Data for analysis Block Start

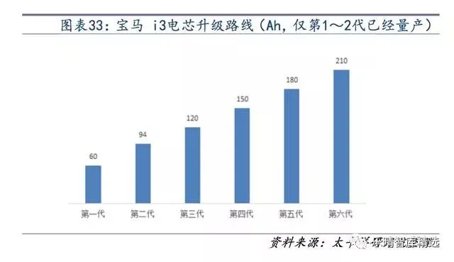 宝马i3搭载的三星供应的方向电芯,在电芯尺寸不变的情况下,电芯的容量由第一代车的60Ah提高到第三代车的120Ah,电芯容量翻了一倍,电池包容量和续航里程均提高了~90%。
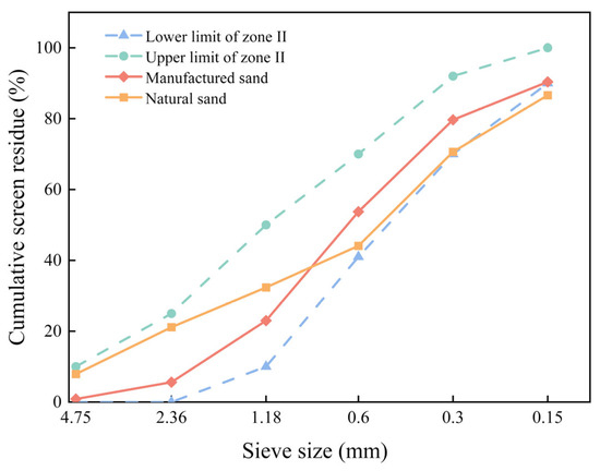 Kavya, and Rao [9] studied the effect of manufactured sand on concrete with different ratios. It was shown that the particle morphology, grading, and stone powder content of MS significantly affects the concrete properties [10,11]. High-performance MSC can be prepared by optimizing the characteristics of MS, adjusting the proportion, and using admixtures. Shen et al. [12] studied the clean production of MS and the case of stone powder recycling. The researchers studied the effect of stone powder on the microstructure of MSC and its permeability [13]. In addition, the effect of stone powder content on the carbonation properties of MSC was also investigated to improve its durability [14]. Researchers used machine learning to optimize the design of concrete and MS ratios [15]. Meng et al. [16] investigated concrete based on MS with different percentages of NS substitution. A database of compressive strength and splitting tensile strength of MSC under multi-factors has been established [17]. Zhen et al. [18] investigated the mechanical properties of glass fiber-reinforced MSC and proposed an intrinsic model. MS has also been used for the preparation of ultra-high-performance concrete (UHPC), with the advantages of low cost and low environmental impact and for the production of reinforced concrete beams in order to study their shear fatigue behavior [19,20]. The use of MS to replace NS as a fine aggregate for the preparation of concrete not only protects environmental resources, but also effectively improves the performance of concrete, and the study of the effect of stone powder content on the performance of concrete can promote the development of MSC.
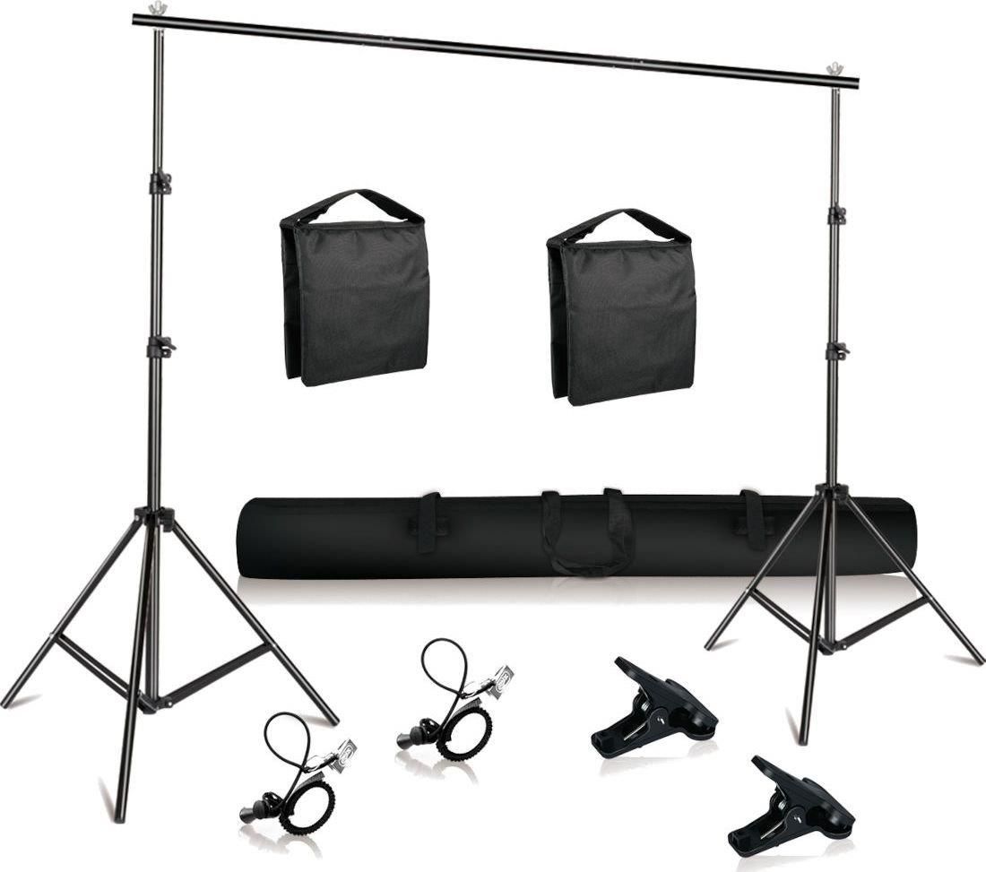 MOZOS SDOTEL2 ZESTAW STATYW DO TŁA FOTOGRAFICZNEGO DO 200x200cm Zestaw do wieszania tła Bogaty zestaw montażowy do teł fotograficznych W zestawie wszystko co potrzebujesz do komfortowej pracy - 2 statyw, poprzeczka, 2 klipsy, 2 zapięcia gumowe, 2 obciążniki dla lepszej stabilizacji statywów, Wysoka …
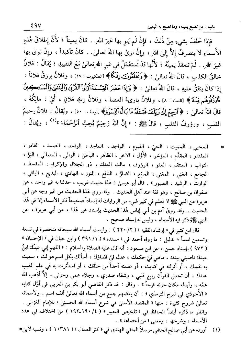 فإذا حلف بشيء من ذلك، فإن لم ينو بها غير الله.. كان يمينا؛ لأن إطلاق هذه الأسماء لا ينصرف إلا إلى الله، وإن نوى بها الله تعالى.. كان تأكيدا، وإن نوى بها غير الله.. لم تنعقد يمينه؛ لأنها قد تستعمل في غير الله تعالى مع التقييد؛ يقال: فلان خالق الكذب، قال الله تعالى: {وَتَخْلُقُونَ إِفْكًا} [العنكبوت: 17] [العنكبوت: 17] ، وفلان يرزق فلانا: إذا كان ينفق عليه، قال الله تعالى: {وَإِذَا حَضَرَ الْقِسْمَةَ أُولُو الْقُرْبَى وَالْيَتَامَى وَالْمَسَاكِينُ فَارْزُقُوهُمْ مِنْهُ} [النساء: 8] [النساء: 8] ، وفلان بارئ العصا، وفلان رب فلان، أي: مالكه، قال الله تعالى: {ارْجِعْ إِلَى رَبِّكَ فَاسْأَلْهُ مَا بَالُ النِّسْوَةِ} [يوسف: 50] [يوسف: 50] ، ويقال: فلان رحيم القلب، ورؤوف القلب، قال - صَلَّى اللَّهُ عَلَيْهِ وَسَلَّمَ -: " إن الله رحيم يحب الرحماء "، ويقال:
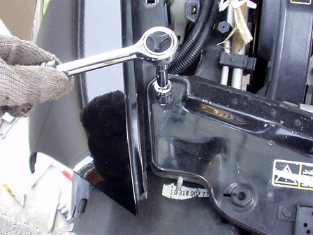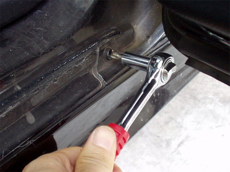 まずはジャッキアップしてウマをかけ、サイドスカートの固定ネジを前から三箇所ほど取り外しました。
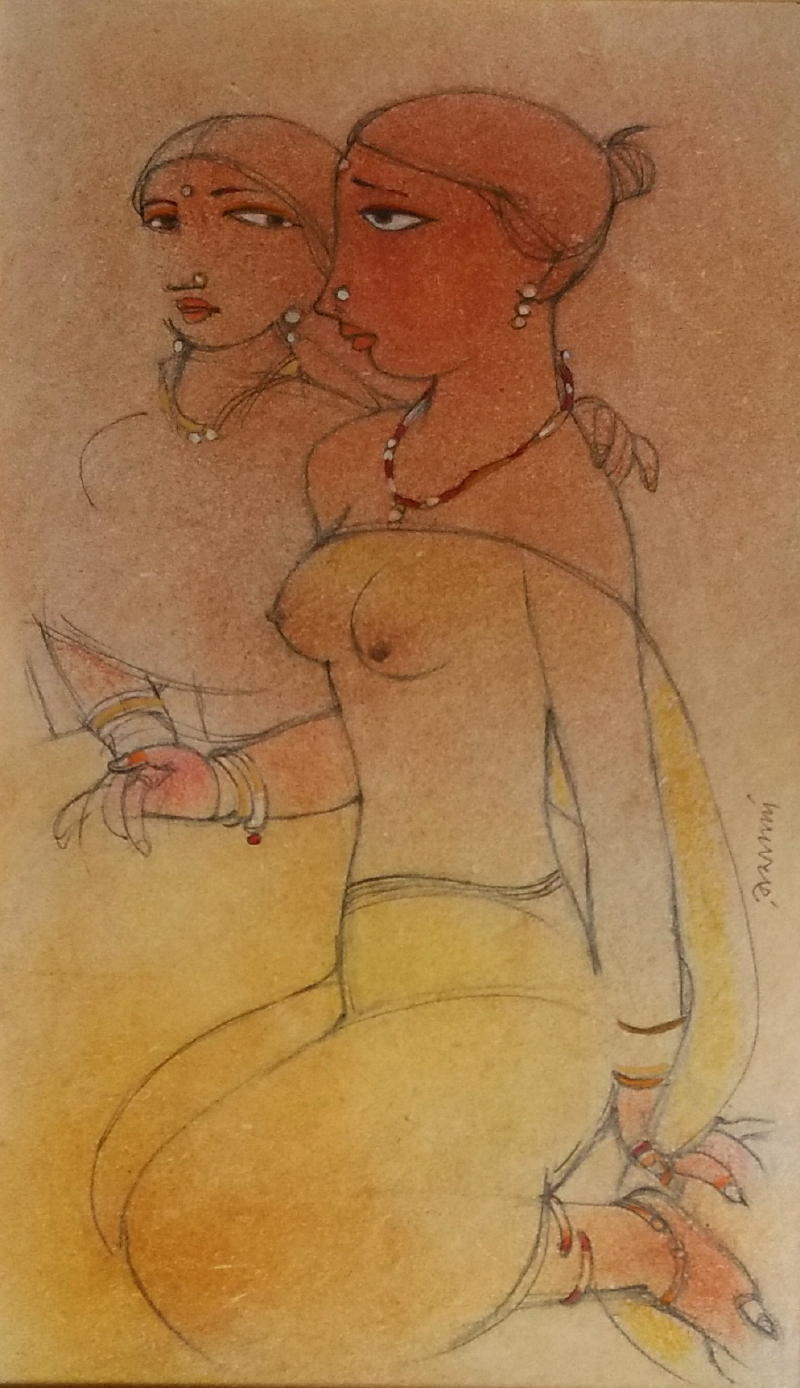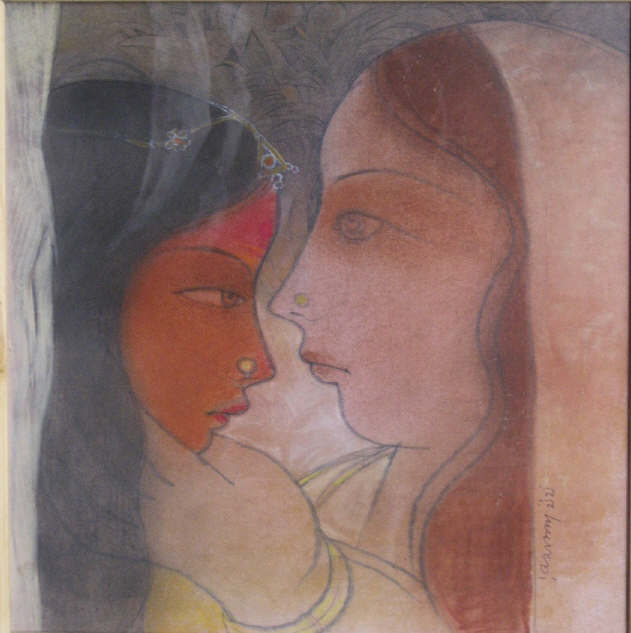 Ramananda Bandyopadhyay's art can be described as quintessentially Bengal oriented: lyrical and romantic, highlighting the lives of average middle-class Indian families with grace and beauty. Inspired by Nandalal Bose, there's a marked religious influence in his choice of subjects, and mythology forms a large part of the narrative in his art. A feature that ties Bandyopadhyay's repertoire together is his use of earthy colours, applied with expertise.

Data for analysis Block End

About this exercise
Output the entries exactly as they appear, with no pictures included.

Answer section
 宝马i3搭载的三星供应的方向电芯,在电芯尺寸不变的情况下,电芯的容量由第一代车的60Ah提高到第三代车的120Ah,电芯容量翻了一倍,电池包容量和续航里程均提高了~90%。
 Kavya, and Rao [9] studied the effect of manufactured sand on concrete with different ratios. It was shown that the particle morphology, grading, and stone powder content of MS significantly affects the concrete properties [10,11]. High-performance MSC can be prepared by optimizing the characteristics of MS, adjusting the proportion, and using admixtures. Shen et al. [12] studied the clean production of MS and the case of stone powder recycling. The researchers studied the effect of stone powder on the microstructure of MSC and its permeability [13]. In addition, the effect of stone powder content on the carbonation properties of MSC was also investigated to improve its durability [14]. Researchers used machine learning to optimize the design of concrete and MS ratios [15]. Meng et al. [16] investigated concrete based on MS with different percentages of NS substitution. A database of compressive strength and splitting tensile strength of MSC under multi-factors has been established [17]. Zhen et al. [18] investigated the mechanical properties of glass fiber-reinforced MSC and proposed an intrinsic model. MS has also been used for the preparation of ultra-high-performance concrete (UHPC), with the advantages of low cost and low environmental impact and for the production of reinforced concrete beams in order to study their shear fatigue behavior [19,20]. The use of MS to replace NS as a fine aggregate for the preparation of concrete not only protects environmental resources, but also effectively improves the performance of concrete, and the study of the effect of stone powder content on the performance of concrete can promote the development of MSC.
 MOZOS SDOTEL2 ZESTAW STATYW DO TŁA FOTOGRAFICZNEGO DO 200x200cm Zestaw do wieszania tła Bogaty zestaw montażowy do teł fotograficznych W zestawie wszystko co potrzebujesz do komfortowej pracy - 2 statyw, poprzeczka, 2 klipsy, 2 zapięcia gumowe, 2 obciążniki dla lepszej stabilizacji statywów, Wysoka …
 فإذا حلف بشيء من ذلك، فإن لم ينو بها غير الله.. كان يمينا؛ لأن إطلاق هذه الأسماء لا ينصرف إلا إلى الله، وإن نوى بها الله تعالى.. كان تأكيدا، وإن نوى بها غير الله.. لم تنعقد يمينه؛ لأنها قد تستعمل في غير الله تعالى مع التقييد؛ يقال: فلان خالق الكذب، قال الله تعالى: {وَتَخْلُقُونَ إِفْكًا} [العنكبوت: 17] [العنكبوت: 17] ، وفلان يرزق فلانا: إذا كان ينفق عليه، قال الله تعالى: {وَإِذَا حَضَرَ الْقِسْمَةَ أُولُو الْقُرْبَى وَالْيَتَامَى وَالْمَسَاكِينُ فَارْزُقُوهُمْ مِنْهُ} [النساء: 8] [النساء: 8] ، وفلان بارئ العصا، وفلان رب فلان، أي: مالكه، قال الله تعالى: {ارْجِعْ إِلَى رَبِّكَ فَاسْأَلْهُ مَا بَالُ النِّسْوَةِ} [يوسف: 50] [يوسف: 50] ، ويقال: فلان رحيم القلب، ورؤوف القلب، قال - صَلَّى اللَّهُ عَلَيْهِ وَسَلَّمَ -: " إن الله رحيم يحب الرحماء "، ويقال:
 まずはジャッキアップしてウマをかけ、サイドスカートの固定ネジを前から三箇所ほど取り外しました。
 Ramananda Bandyopadhyay's art can be described as quintessentially Bengal oriented: lyrical and romantic, highlighting the lives of average middle-class Indian families with grace and beauty. Inspired by Nandalal Bose, there's a marked religious influence in his choice of subjects, and mythology forms a large part of the narrative in his art. A feature that ties Bandyopadhyay's repertoire together is his use of earthy colours, applied with expertise.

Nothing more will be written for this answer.